When the Phil Brontz article was published, Bill Toms and Hard Rain were in the studio working on a mysterious project. They were so optimistic from the get go about the writing, the recording sessions and the project itself.  I love Hard Rain and couldn't wait to hear the new CD. Bill Toms is a great songwriter and the group of men in that band are just a strong force to be reckoned with in simple words.

It was during the time after I left my long-time marriage and in between the months when I moved to the foothills of the mountains that I received the envelope from Bill Toms in the mail containing the CD. My son and I were staying with my mom who had liver cancer from those 4 glasses of wine she drank in her lifetime. Life wasn't exactly a bowl of cherries all things considered. I remember feeling just energized when I opened the envelope. My little boy loves Hard Rain too, so he was up for a ride in the car to listen. And listen we did.

I really liked "The West End Kid" from the first time I heard it. It became the official soundrack for my divorce. Music has always been therapeutic to me. This CD was the motherlode of emotional stability and hope that things would get better. I teased Bill Toms that I probably couldn't control myself at a live show and might grab his microphone to sing "I don't live there anymore.." I wasn't kidding. I was pretty serious!

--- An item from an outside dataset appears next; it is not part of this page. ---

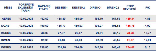 Kısa vadeli öneri listemize AEFES, DOAS, KRDMD, ISMEN ve PGSUS pay senetlerini dahil ediyoruz.

i enjoy writing about Hard Rain. I am a fan. I wish Bill Toms all the heart felt luck in the world since he is out there now in New York and places in between trying to promote his music. That this CD broke into the charts, even if it's 100+, is awesome to me. It's a great CD. It is so professionally polished and well written and my personal pick for CD of the year 2005.

One giant Pittsbugh music icon poked fun of me on his website because I wrote in this following article that "The West End Kid" and that man's yet unreleased CDs aren't CDs meant for gathering dust on the city's radio station shelves. I stand behind what I wrote then, perhaps even more strongly today than when I wrote it a few months ago. Stations in other cities are playing Bill Toms and Hard Rain.  Why NOT Pittsburgh? These are hometown musicians who deserve better promotion and support from the industry and it's just a shame they just don't get it. What they're writing, recording and producing are great projects, not some half assed music that doesn't deserve to be played on commercial rock stations.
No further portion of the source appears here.